Suppose we have 3-bit signed integers. Then 101 represents \(-2^2 + 2^0\) = -4 + 1 = -3. Suppose I want to store this same value in a 5-bit signed integer. The new value will become 11101, that is, -16 + 8 + 4 + 1 = -3.
You can likely see the pattern: If we want to store a signed n-bit value in a larger m-bit field, we must pad with 1 digits on the left. More generally, what we pad with is the sign bit. Thus the 3-bit negative number 101 is padded out to the 5-bit negative 11101, while the 3-bit positive number 011 is padded out to the 5-bit positive number 00011.
This is called sign extension.
If we go the other way, we simply chop off bits on the left, whether they are 0 or 1. If the bits we chop off are not all the same, and the same as the remaining sign bit, then the number does not fit in the smaller field!
Packing and extracting bit fields#
When we pack multiple values into an integer, we must be careful to determine whether that value should be interpreted as a signed integer in which the leftmost bit is the sign bit, representing a negative power of 2, or an unsigned integer in which all the bits represent positive powers of two.
Suppose we use four bits, bits 0..3, to represent an integer. We might treat that field as an unsigned integer that can range from 0 to 15, or we might treat it as a signed integer that can range from -8 to 7. If we treat it as an unsigned integer, the masking and shifting can work exactly as described in the the prior chapter, but we cannot represent negative values. If we treat it as a signed integer, then we must add a sign extension step when we extract it.
To pack a signed value into a field, we don’t need to do
anything special except be sure to mask the value to
chop off any extra 1 bits on the left. For example, if we
want to store a signed 3-bit value x
in bits 3..5 of
w
, assuming those bits of w
are initially zero,
we would need to mask off any high bits, like this:
x_masked = x & 0b111
x_shifted = x_masked << 3
w = w | x_shifted
It is only on extraction that we must perform
sign extension. For example, if x
in the
preceding line was -1, and w
is an 8-bit
value 0, then w
after the code
above will contain 00111000
. We want to extract
the field in bits 3..5, holding value 111
,
interpret it again as -1. To do that, we must
extend the sign bit (the initial 1) however
far it takes to fill the word into which we are
extracting that field.
Implementing sign extension in Python is slightly odd. You must understand why and when to perform sign extension, but I will provide a sign extension function that you can call.
Summary#
In all modern digital computers, negative integers are represented with the two’s complement system. In this system, the sign bit represents a negative power of two, and all other bits represent positive powers of two.

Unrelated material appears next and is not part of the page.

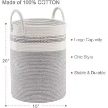 Keep your home tidy and stylish with this 58L Large Cotton Rope Laundry Hamper. Designed to hold your family’s clothes, blankets, toys, and more, this tall, spacious basket (15″ x 20″) provides an easy and chic solution for clutter-free living. Made from 100% soft cotton, it’s gentle enough for babies, pets, and the elderly, ensuring safety and peace of mind in every room. With its modern woven design and pastel tones, it not only serves as a functional storage option but also adds a decorative touch to any space. Whether it’s the living room, nursery, bedroom, or laundry room, this laundry hamper effortlessly blends into your décor.

Two’s complement notation is very convenient and efficient for chip designers, because arithmetic with negative and positive numbers work exactly the same, with no extra circuitry.
When we pack multiple small integers into an integer value,
we must be careful about whether we intend a field to
represent a signed value or an unsigned value. If the
field represents an unsigned value, then each bit \(p\)

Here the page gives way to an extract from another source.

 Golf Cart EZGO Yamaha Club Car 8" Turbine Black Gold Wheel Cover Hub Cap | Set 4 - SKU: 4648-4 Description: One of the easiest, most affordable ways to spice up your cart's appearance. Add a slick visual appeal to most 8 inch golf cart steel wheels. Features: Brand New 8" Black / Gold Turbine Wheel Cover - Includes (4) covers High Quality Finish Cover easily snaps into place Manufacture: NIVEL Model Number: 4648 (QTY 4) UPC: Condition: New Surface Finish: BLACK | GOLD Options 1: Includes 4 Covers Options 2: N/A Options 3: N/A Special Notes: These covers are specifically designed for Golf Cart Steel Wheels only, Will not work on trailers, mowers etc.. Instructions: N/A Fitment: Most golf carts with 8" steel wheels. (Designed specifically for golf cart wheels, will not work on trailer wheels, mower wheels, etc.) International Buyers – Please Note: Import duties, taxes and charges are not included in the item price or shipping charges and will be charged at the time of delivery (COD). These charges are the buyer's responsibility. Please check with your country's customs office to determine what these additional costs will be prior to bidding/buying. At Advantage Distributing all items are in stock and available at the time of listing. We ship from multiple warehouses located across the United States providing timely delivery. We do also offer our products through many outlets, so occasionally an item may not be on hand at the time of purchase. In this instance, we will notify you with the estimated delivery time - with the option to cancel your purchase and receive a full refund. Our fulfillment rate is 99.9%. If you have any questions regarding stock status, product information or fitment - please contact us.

represents \(2^p\). An unsigned value with \(k\) bits
ranges from \(0\) to \(2^k-1\).
If the field represents a signed
value, then the sign bit represents \(-2^p\)

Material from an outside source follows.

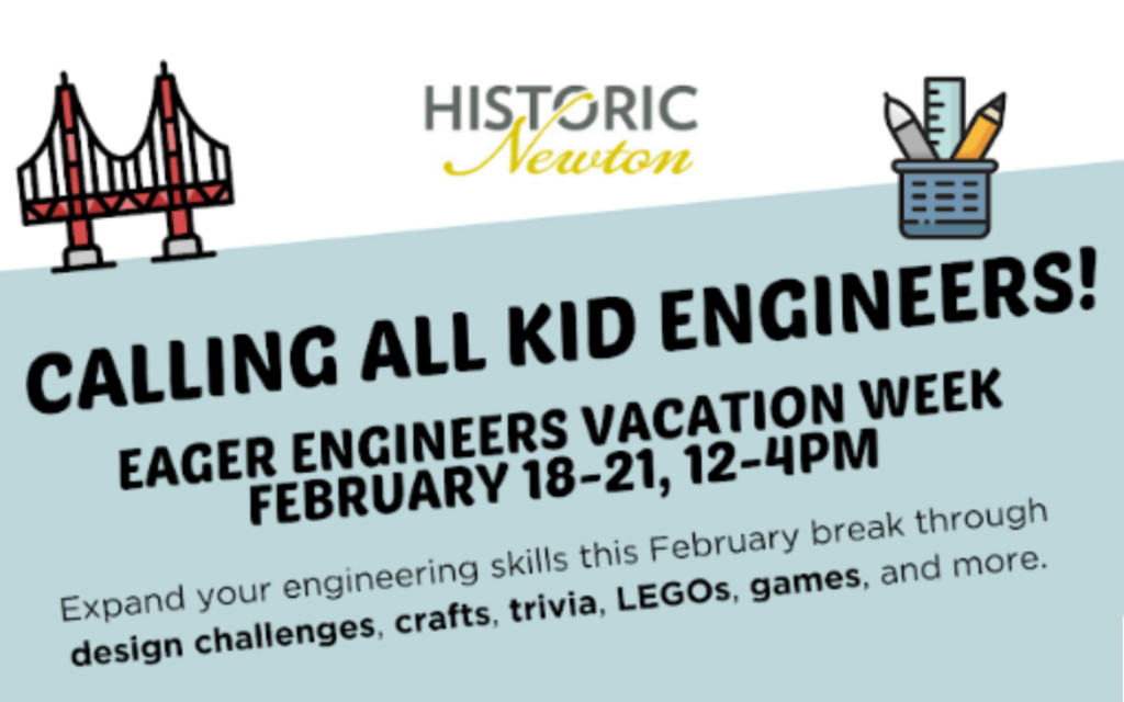 Historic Newton will be hosting Eager Engineers, a 4-day program during the February School Vacation Week. Participants can expand their engineering skills by using the design process to build a supertall tower, a bridge that can hold weight, a marble run roller coaster, a brand-new invention, and more. Registration is…

and all other bits \(p\) represent \(2^p\).
When we pack a signed value into a smaller field, we mask off any extra 1 bits on the left. When we extract a signed value into a larger memory word, we must sign extend it, filling all bits to the left of the sign bit of the smaller field with duplicates of the sign bit.
When we use the Python bin
function, we get a string
representation based on sign and magnitude notation,
and not an accurate representation of the actual
internal two’s-complement representation.